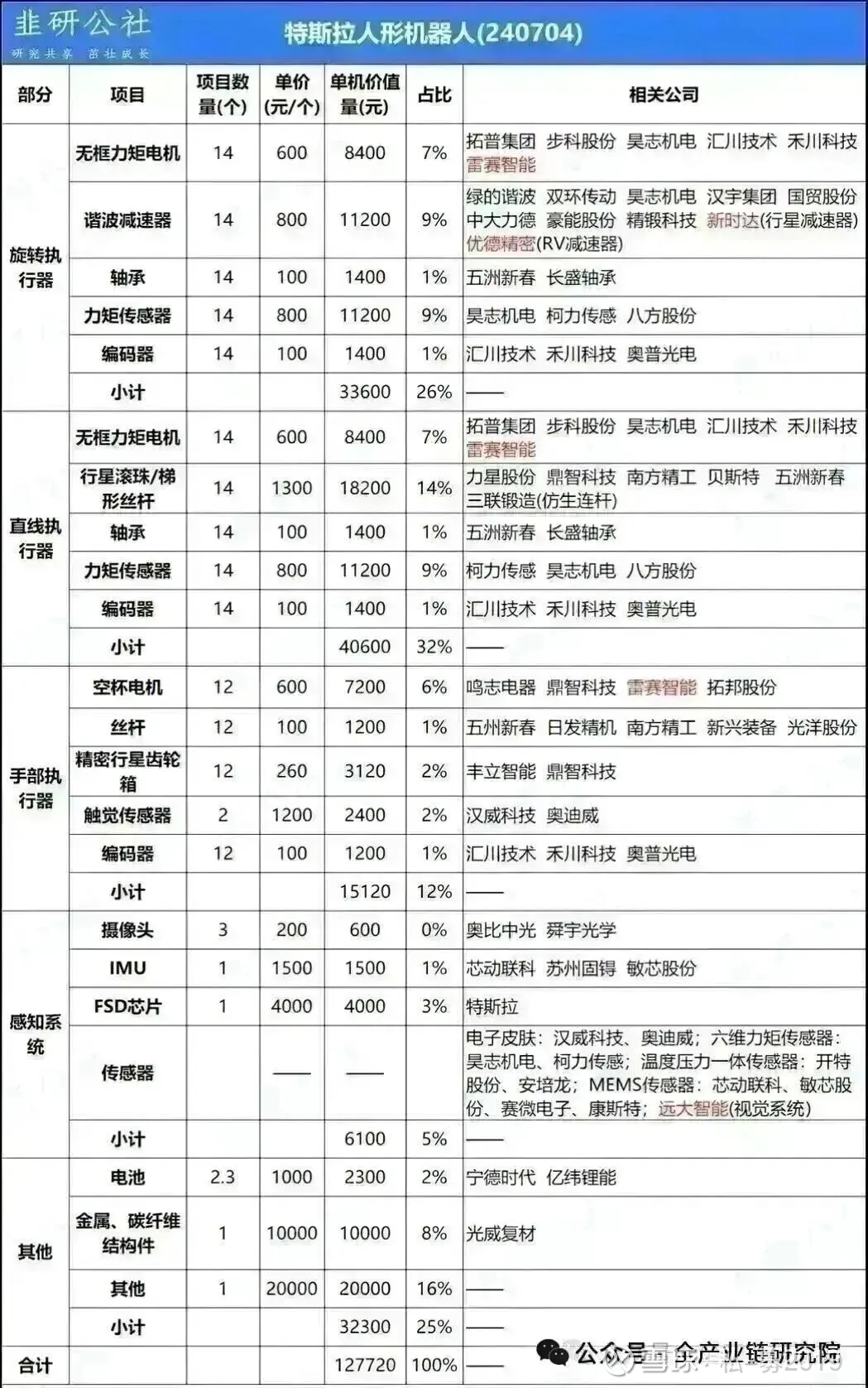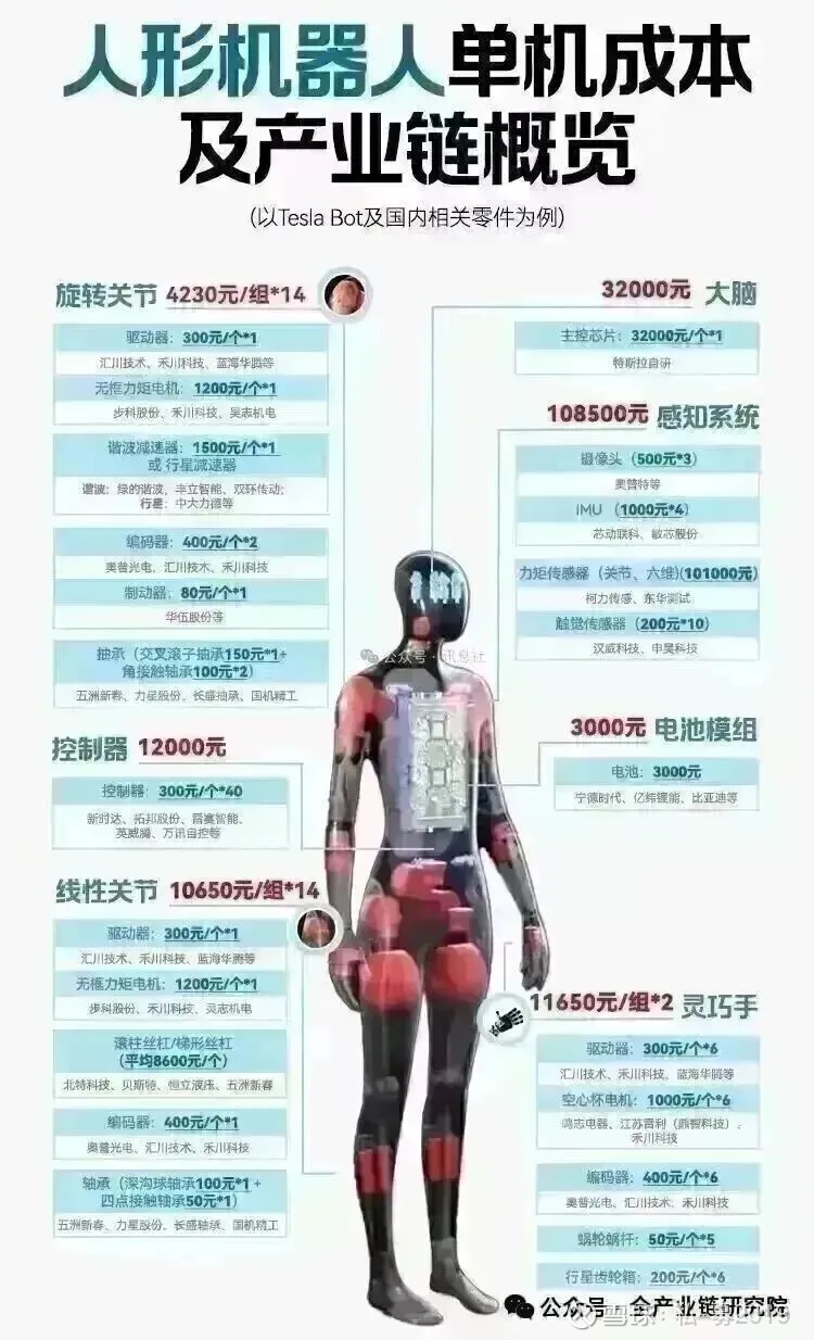当前成本与目标: 当前人形机器人整机成本约30万至50万(接近50万)。成本结构中,传感器系统(如六维力传感器、720度视觉系统)占比最高;关节驱动模块次之,包含62个自由度的各类电机,其中行星滚柱丝杠单机用量20套(试做价2500元/套,量产价可降至900元/套)、谐波减速器单机用量30套(市作价1200元/套);此外,AI芯片(单机3个独立芯片)、8小时续航电池、镁铝合金骨架及VLA大模型训练费用等也构成主要成本。未来规模化量产目标成本需控制在20万至30万,低于特斯拉目标售价(约30万)。
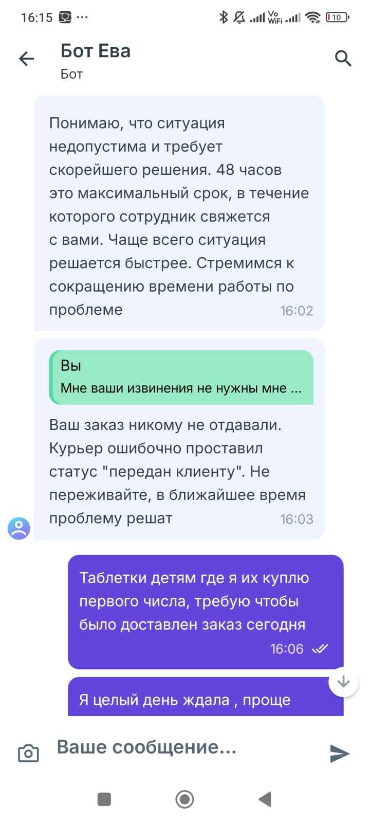 31.12.2025 у детей поднялась сильно температура, как на зло все лекарства закончились. Живем за городом, решили заказать лекарства через Еаптеку, раньше постоянно пользовались и проблем не было. Доставка быстро и удобно. Обещали привезти заказ до 17:00. И вдруг ближе к 17:00 статус доставки меняется на доставлено, деньги списаны естественно и мы сидим в недоумении. Жена пишет в поддержку, там отвечают, что курьер это сделал случайно, и доставка будет! Сидим ждем и ни ответа ни привета как говорится. Так и встретили Новый год с температурой и в плохом настроении, за что отдельное спасибо Еаптеке!!! Поддержка кормит завтраками, отправляют к старшему специалисту, но видимо тот уже наотмечался и ему срать на клиентов!)) Пришлось 1 января утром ехать в ближайшую аптеку, а это я вам скажу тот еще квест, тк ближайшее время открытия было 12:00 пришлось ждать пару часов открытия и ехать обратно, вот пол дня и прошло. Слава богу температуру сбили, детям лучше, душа спокойна. Сегодня уже вечер 2 января, мы до сих пор без лекарств от Еаптеки и без денег, вот такая история как нас ограбили можно сказать на Новый год. Будьте бдительны уважаемые читатели, везде обман в наше время!
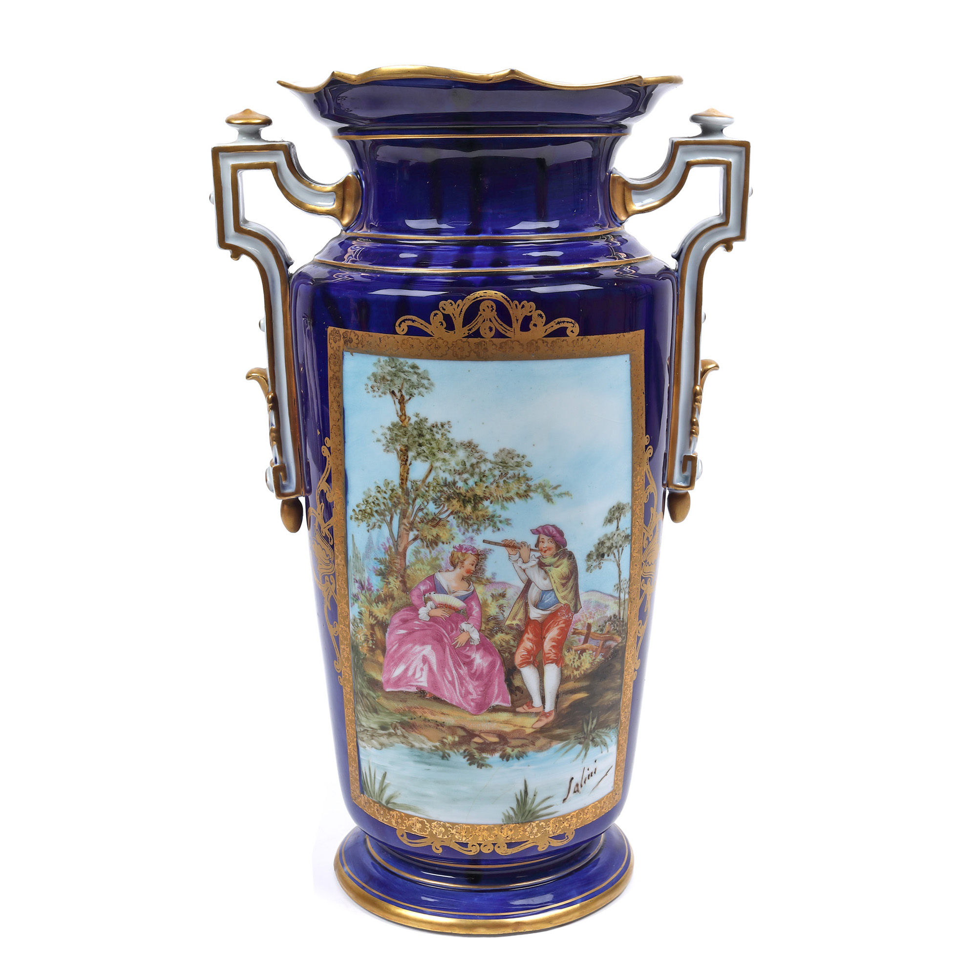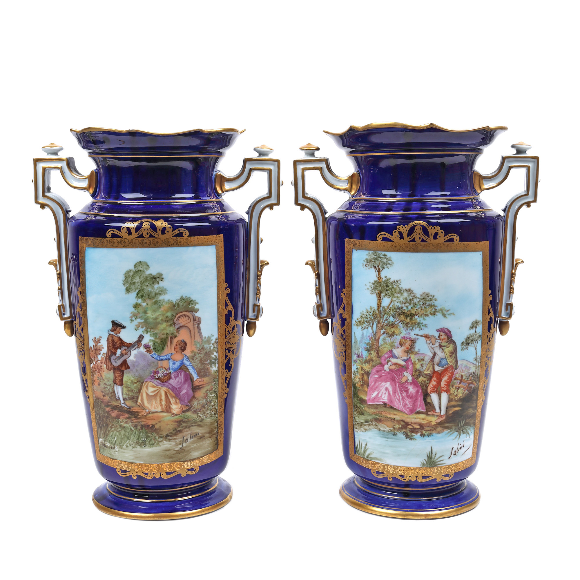 49. Pereche de vase Samson Edmé et Cie din porțelan, decorată cu scene galante, cca. 1940
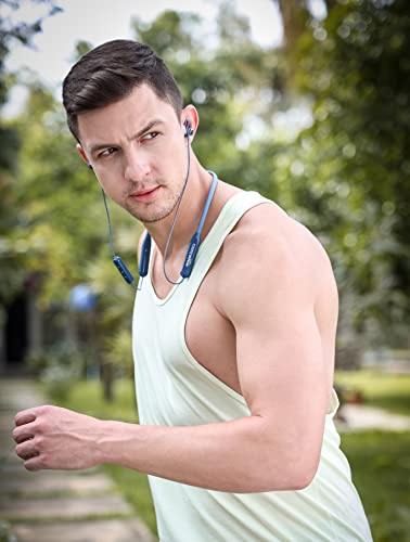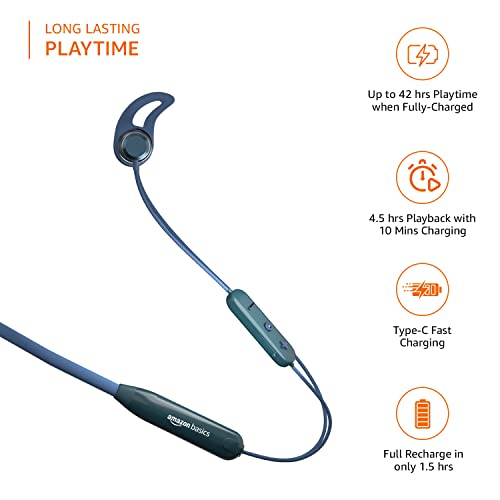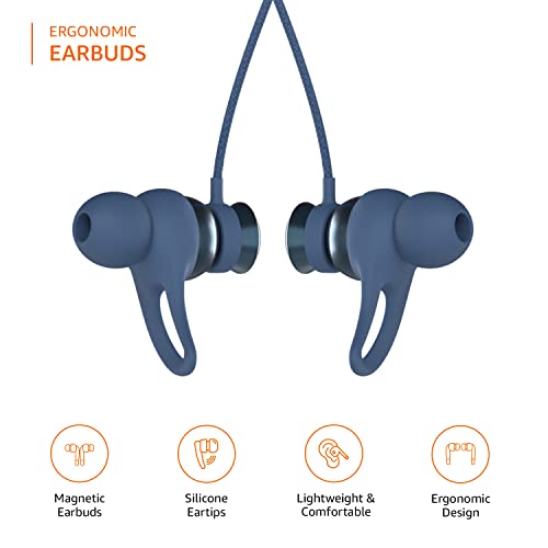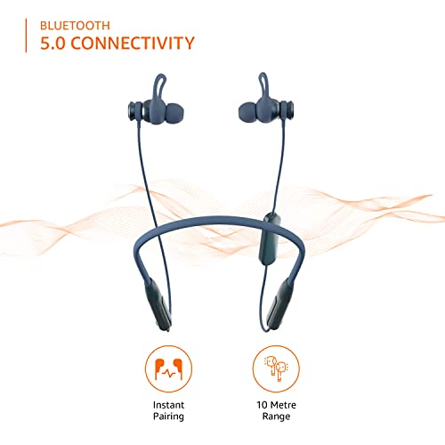 Amazon Basics Bluetooth 5.0 Neckband, IPX-6 Rated, Up to 42 Hours Playtime, Magnetic in Ear Earbuds, Voice Assistant, Dual Pairing, Blue

▬▬▬▬▬▬▬▬▬▬

(What you have to do): The pictures are to be omitted, and the rest of the listing is to be transcribed exactly.

(Expected output):
当前成本与目标: 当前人形机器人整机成本约30万至50万(接近50万)。成本结构中,传感器系统(如六维力传感器、720度视觉系统)占比最高;关节驱动模块次之,包含62个自由度的各类电机,其中行星滚柱丝杠单机用量20套(试做价2500元/套,量产价可降至900元/套)、谐波减速器单机用量30套(市作价1200元/套);此外,AI芯片(单机3个独立芯片)、8小时续航电池、镁铝合金骨架及VLA大模型训练费用等也构成主要成本。未来规模化量产目标成本需控制在20万至30万,低于特斯拉目标售价(约30万)。
 31.12.2025 у детей поднялась сильно температура, как на зло все лекарства закончились. Живем за городом, решили заказать лекарства через Еаптеку, раньше постоянно пользовались и проблем не было. Доставка быстро и удобно. Обещали привезти заказ до 17:00. И вдруг ближе к 17:00 статус доставки меняется на доставлено, деньги списаны естественно и мы сидим в недоумении. Жена пишет в поддержку, там отвечают, что курьер это сделал случайно, и доставка будет! Сидим ждем и ни ответа ни привета как говорится. Так и встретили Новый год с температурой и в плохом настроении, за что отдельное спасибо Еаптеке!!! Поддержка кормит завтраками, отправляют к старшему специалисту, но видимо тот уже наотмечался и ему срать на клиентов!)) Пришлось 1 января утром ехать в ближайшую аптеку, а это я вам скажу тот еще квест, тк ближайшее время открытия было 12:00 пришлось ждать пару часов открытия и ехать обратно, вот пол дня и прошло. Слава богу температуру сбили, детям лучше, душа спокойна. Сегодня уже вечер 2 января, мы до сих пор без лекарств от Еаптеки и без денег, вот такая история как нас ограбили можно сказать на Новый год. Будьте бдительны уважаемые читатели, везде обман в наше время!
 49. Pereche de vase Samson Edmé et Cie din porțelan, decorată cu scene galante, cca. 1940
 Amazon Basics Bluetooth 5.0 Neckband, IPX-6 Rated, Up to 42 Hours Playtime, Magnetic in Ear Earbuds, Voice Assistant, Dual Pairing, Blue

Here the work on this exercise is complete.